1. Experiments were designed to determine whether or not interactions of platelets with coronary arteries are affected by gender or oestrogen-status. 2. Platelets and right coronary arteries were isolated from sexually mature male, female and ovariectomized pigs. Arteries were suspended in organ chambers for the measurement of isometric force. Responses of rings, with and without endothelium, were evaluated to aggregating platelets and the platelet products 5-hydroxytryptamine (5-HT) and adenosine diphosphute (ADP). 3. Release of 5-HT, thromboxane A2 (TXA2) and prostacyclin were measured from platelets. 4. Platelets caused relaxations of rings with endothelium from all pigs. However, in rings without endothelium, consistent contractions were observed only in rings from male pigs. 5. The release of 5-HT and prostacyclin was greatest from platelets of ovariectomized pigs compared with male and female pigs. Release of TXA2 was greatest from platelets of male pigs. 6. Endothelium-dependent relaxations to ADP and contractions to 5-HT were similar among the three groups. 7. These results suggest that there may be gender-specific differences in vasomotor responses to autogenous platelets but not to the platelet-derived products 5-HT and ADP. Furthermore, there are gender differences in platelets in the release of cyclo-oxygenase metabolites of arachidonic acid and 5-HT. These products could contribute to gender differences in response to injury in the coronary circulation.

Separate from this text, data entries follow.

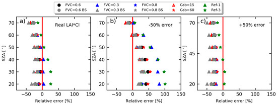 Comparison of SIF escape probability estimated by SIT and using leaf area index (LAI) and clumping index (CI) as input for the estimation of canopy interceptance (i.e., ) with reference values that were simulated by DART (i.e., ). ‘Real’ LAI*CI was used to plot (a). Additional −50% and +50% errors of LAI*CI were introduced to plot (b,c). Relative error was calculated as ()/.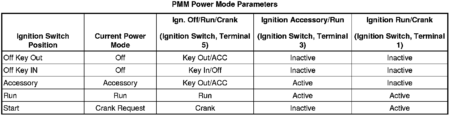 The vehicle power mode master (PMM) is the body control module (BCM). The ignition switch is a low current switch with multiple discrete ignition switch signals to the PMM for determination of the power mode. The PMM receives the ignition switch signals, and additionally a reference voltage signal from the BCM, through the ignition switch, and back to the BCM. There are redundancies within the PMM system that can allow operation of certain subsystems when there are faults in the ignition switch circuits. Other information such as serial data input from other modules and DTCs is also used to determine what power mode signals and information is transmitted by the PMM. The BCM logic uses all this information to identify the operator's desired power mode and activate specific discrete signals, and serial data messages for the operation of different subsystems as necessary. Other modules which have switched voltage inputs may operate in a default mode if the PMM serial data message does not match what the individual module can detect from its own connections.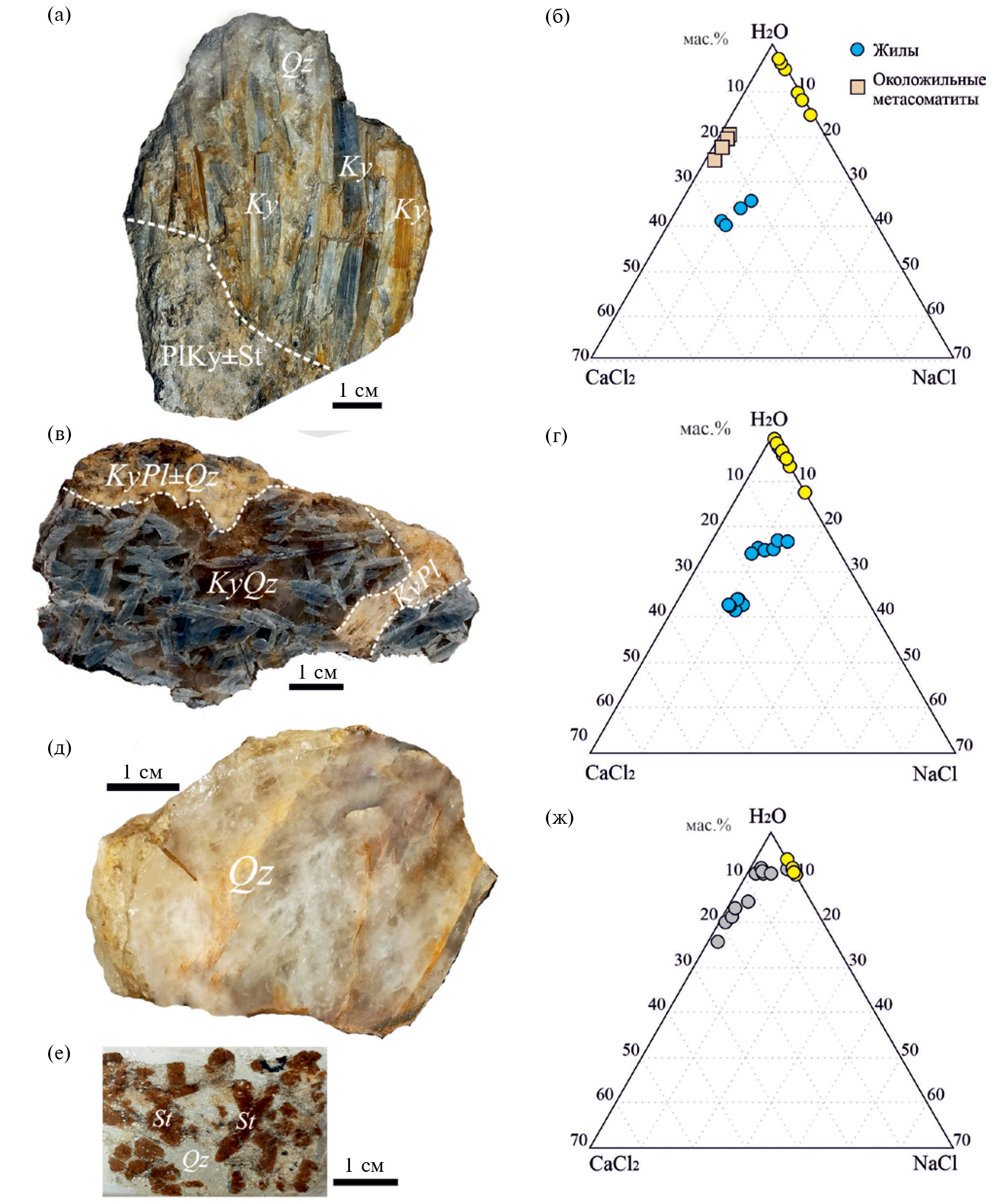 Многочисленные кварцевые жилы мощностью от десятков сантиметров до первых метров, содержащие скопления кианита, распространены во всем покрове, но чаще встречаются в его северо-западной части. Жилы пересекают сланцеватость и полосчатость в пластинах окружающих метаморфических и метасоматических пород под различными углами. Их отличительной особенностью от других кварцевых жил является присутствие околожильных метасоматитов с характерной минеральной зональностью. Например, в одном случае (обр. Б880, жила 1–2 м) первой околожильной зоной является крупнозернистая кварц-кианитовая порода, в которой кристаллы голубого кианита шириной не больше 1 см и длиной 7–8 см врастают от контакта вглубь кварцевой жилы. Следующей удаленной зоной от контакта является массивная ±Qz-Pl-Ky порода. Еще дальше от контакта в сторону вмещающего слюдисто-ставролитового метаморфического гнейса в этой ассоциации появляется ставролит как в виде отдельных зерен, так и в виде их скоплений. В ином случае (обр. Б884) жила (всего первые десятки сантиметров) содержит больше кианита и имеет первую околожильную зону шириной 20–30 см, сложенную длиннопризматическими кристаллами кианита длиной от 5 до 10 см, которые растут перпендикулярно контакту вглубь жилы, при этом их ориентировка продолжает направление сланцеватости вмещающей полосчатой бластомилонитовой метасоматической породы. Общей чертой всех околожильных метасоматитов является их массивное, неравномернозернистое строение, присутствие порфиробластов реликтовых минералов. Особенности состава минералов, присутствующих в околожильных метасоматитах: Qz, Ky, Pl21–35, St17–23, Ms21–27, Bt58–6237–41.

Original languageEnglish (US)
Pages (from-to)132-136
Number of pages5
JournalClinical and Experimental Pharmacology and Physiology
Volume26
Issue number2
DOIs
StatePublished - 1999

Keywords

  • 5-hydroxytryptamine
  • Adenosine diphosphate
  • Oestrogen
  • Platelet-derived growth factor
  • Prostacyclin
  • Thromboxane

ASJC Scopus subject areas

  • Physiology
  • Pharmacology
  • Physiology (medical)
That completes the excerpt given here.